Section 530 of the Revenue Act of 1978 may already apply to the states, the Affordable Care Act, and title 29 issues. Don’t be surprised if state unemployment agencies and DOL are rabid in pursuing independent contractor misclassification issues in your business or your clients’ businesses. But don’t give up the section 530 issue when those agencies claim it is limited to subtitle C employment taxes.
The Department of Labor and the Internal Revenue Service entered into a Memorandum of Understanding (MOU) on September 19, 2011. The next day, six states joined the MOU melee. Now, a few years later, the tale of the tape is in.
The Obama administration undertook a strategy to attack Section 530 of Revenue Act of 1978 by and through state unemployment agencies and a DOL attack which the executive branch ostensibly contends lies outside subtitle C. The President’s section 530 animus can be traced back to his days in the senate, by and through failed legislation he proposed shortly before he occupied the White House. The administration’s transparent goal is to reign in independent contractors to be covered as employees for Affordable Care Act purposes.
The Supreme Court’s Rowan decision may stand for the proposition Congress contextually qualified the subtitle C definition of employment and employee when it enacted section 530. Because the independent contractor safe harbor provision is not part of the Internal Revenue Code, per se, it may also be held to contextually qualify similar definitions in U. S. Code provisions other than those contained in Title 26. Moreover, longstanding dual federal-state taxing jurisprudence implicates contextually qualified subtitle C definitions extend to the states to ensure coterminous, uniform, and harmonious state enactments. For these reasons, the federal employment tax safe haven already applies to the states.

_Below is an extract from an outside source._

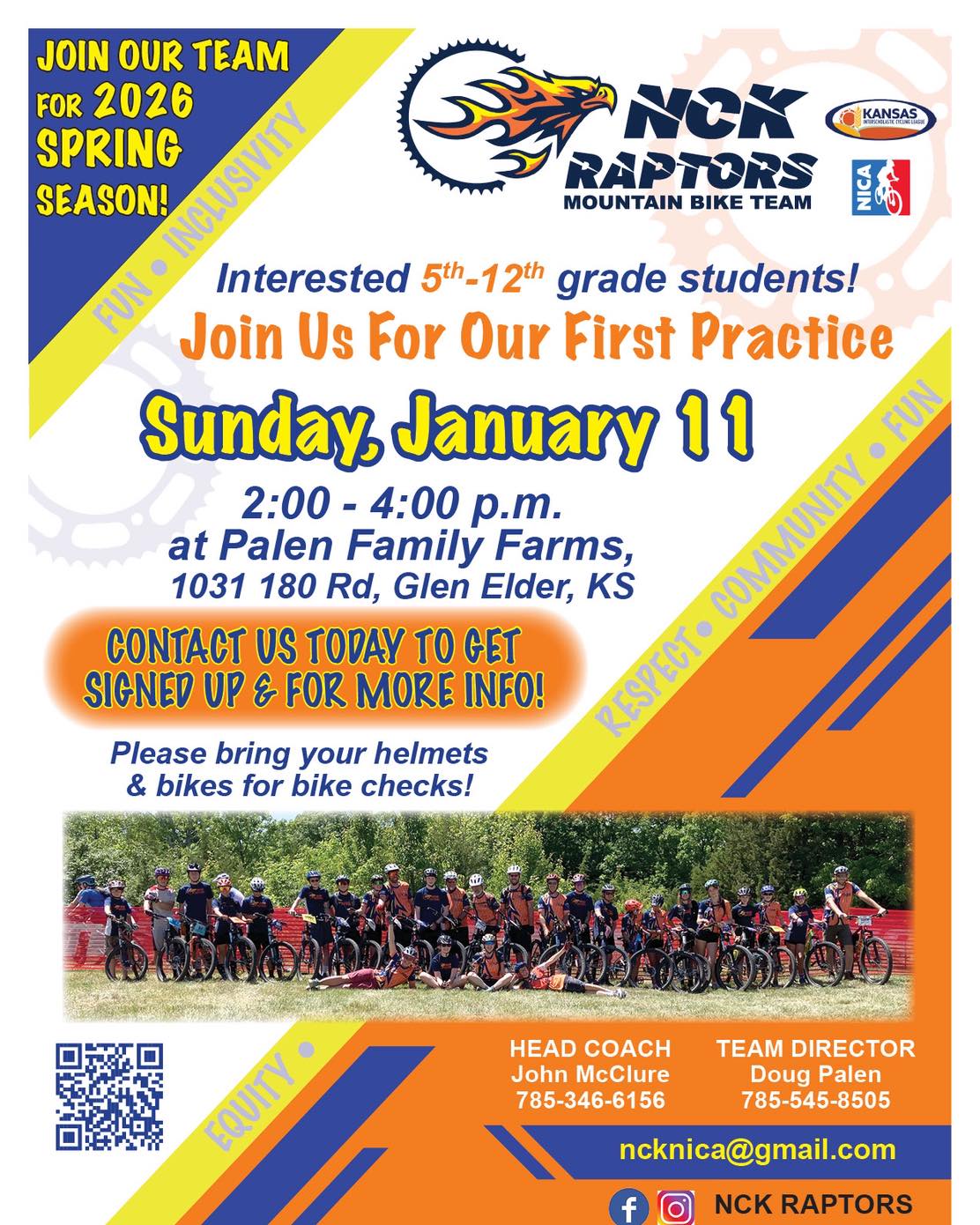 Join the team for the 2026 race season, 5th-12th graders! Team bikes are available. Sunday, January 11, 2-4 pm at Palen Family Farms, 1031 180 Rd., Glen Elder.

It is interesting to note there are conflicts among the states in recognizing the safe harbor provision’s applicability to state employment acts. For example, Indiana respects the coterminous, uniform, and harmonious requirement while Missouri does not. However, H.R. 1642 has been passed by the Missouri house and is dawdling before the Missouri senate. The provision will extend IRS section 530 determinations to matters before the Missouri employment agency.
It appears the Obama administration’s interference in the section 530 Congressional will to contextually qualify the unemployment tax definitional infrastructure implicates separated powers substantive due process. The caldron is currently boiling. Federal intervention looms on the horizon.
My paper, “Why Section 530 of the Revenue Act of 1978 Applies to the States,” is scheduled for publication in the San Jose State University’s online MST peer-reviewed The Contemporary Tax Journal in its soon to be released fall issue. The topic also appeared in the 21st Century Taxation blog.